Mime-Version: 1.0 (Mac OS X Mail 12.4 \(3445.104.17\))
From: Sebastian Moeller <moeller0@gmx.de>
In-Reply-To: <968abd8f-ba18-23de-b9ca-9eb1a0aaba09@erg.abdn.ac.uk>
Date: Wed, 30 Sep 2020 11:09:30 +0200
Cc: Greg White <g.white@CableLabs.com>, "Rodney W. Grimes" <ietf@gndrsh.dnsmgr.net>, Mikael Abrahamsson <swmike=40swm.pp.se@dmarc.ietf.org>, "tsvwg@ietf.org" <tsvwg@ietf.org>
Content-Transfer-Encoding: quoted-printable
Message-Id: <03CDC52C-2783-45A3-85E8-4B1135D45384@gmx.de>
References: <202009291549.08TFnvFV068509@gndrsh.dnsmgr.net> <c7080365-233c-5f1e-ef5c-1f42c969042a@erg.abdn.ac.uk> <73562E45-3EE7-43D4-B26B-76478AE19AF8@cablelabs.com> <C68807B2-EF30-4263-BD66-29106C62261D@gmx.de> <968abd8f-ba18-23de-b9ca-9eb1a0aaba09@erg.abdn.ac.uk>
To: Gorry Fairhurst <gorry@erg.abdn.ac.uk>
Archived-At: <https://mailarchive.ietf.org/arch/msg/tsvwg/ZHbemOzzMQXvgbGaAD0c2iYplb0>
Subject: Re: [tsvwg] plan for L4S issue #29
Precedence: list

Hi Gory,


> On Sep 30, 2020, at 10:21, Gorry Fairhurst <gorry@erg.abdn.ac.uk> wrote:
> 
> See below.
> 
> On 30/09/2020 09:00, Sebastian Moeller wrote:
>> Dear Greg,
>> 
>> more below in-line, prefixed with [SM]...
>> 
>>> On Sep 30, 2020, at 00:48, Greg White <g.white@CableLabs.com> wrote:
>>> 
>>> 
>>> 
>>> On 9/29/20, 10:05 AM, "tsvwg on behalf of Gorry Fairhurst" <tsvwg-bounces@ietf.org on behalf of gorry@erg.abdn.ac.uk> wrote:
>>> 
>>>    See below.
>>> 
>>>    On 29/09/2020 16:49, Rodney W. Grimes wrote:
>>>>> On Mon, 28 Sep 2020, Gorry (erg) wrote:
>>>>> 
>>>>>> At some point the working group needs to publish the spec. - This final
>>>>>> stage is taking longer than I would hope, and I do hope that will be
>>>>>> seeing a WGLC soon.
>>>>> Do we actually?
>>>    Yes.
>>> 
>>>>> I still haven't ruled out that we decide not to use these bits, for now,
>>>>> because we don't know enough how it will affect the entire Internet.

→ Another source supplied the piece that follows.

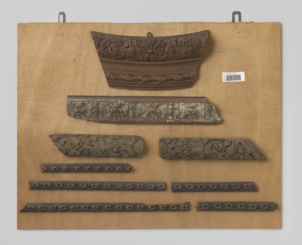 Editor: So, this is "Fragmenten van textiel horend bij een jas," or "Fragments of textile belonging to a jacket," dating back to between 1740 and 1760, created by an unknown artist. The materials listed are pretty diverse - mixed media, fibre art, assemblage, weaving, and textile, even sculpture! It all seems so delicate, like holding a forgotten memory. What do you make of this collection of fragments? Curator: Forgotten memories, indeed! They whisper, don't they? I'm immediately drawn to the texture - the roughhewn quality hinting at everyday life, and labor, contrasting with the implied opulence of a Baroque-era jacket. Consider how a garment becomes almost a relic – embodying not just fashion but personal history. Do you get a sense of narrative, perhaps a lost story, woven – literally – into these threads? Editor: I do, now that you mention it. There’s something about the deconstructed nature of it. It’s not a whole garment, just these snippets. It feels almost…sad? Like looking at remains. Curator: "Sadness" is such a compelling lens! It also reminds me that the survival of textiles is almost accidental. These scraps *persisted*. They were chosen, intentionally or otherwise, to outlive the original garment. Why? Sentimentality? Resourcefulness? Or simple chance? Does considering that shift your perception at all? Editor: Definitely! It's like the object takes on a completely different meaning when you realize it might have been someone's cherished memento. It elevates these simple materials. Curator: Precisely! And isn't it incredible how a humble assortment of textiles, through time and context, can evoke such profound reflection on history, memory, and human connection? It's like…poetry in the form of fragments. Editor: Absolutely. I came in just seeing some old bits of fabric, and I’m leaving thinking about survival and memory. That's the magic of art, I guess! Curator: And of shared curiosity, wouldn’t you agree?

>>>    Still possible, if the WG as a whole decides that.
>>> 
>>> We're talking about WGLC to begin an experiment.
>> 	[SM] I believe that we are conflating two "experiments" here:
>> 
>> 1) the absolutely required experiments to what degree L4S will realize its claimed characteristics (or its promises) under a number of conditions that are relevant/prevalent in the real world.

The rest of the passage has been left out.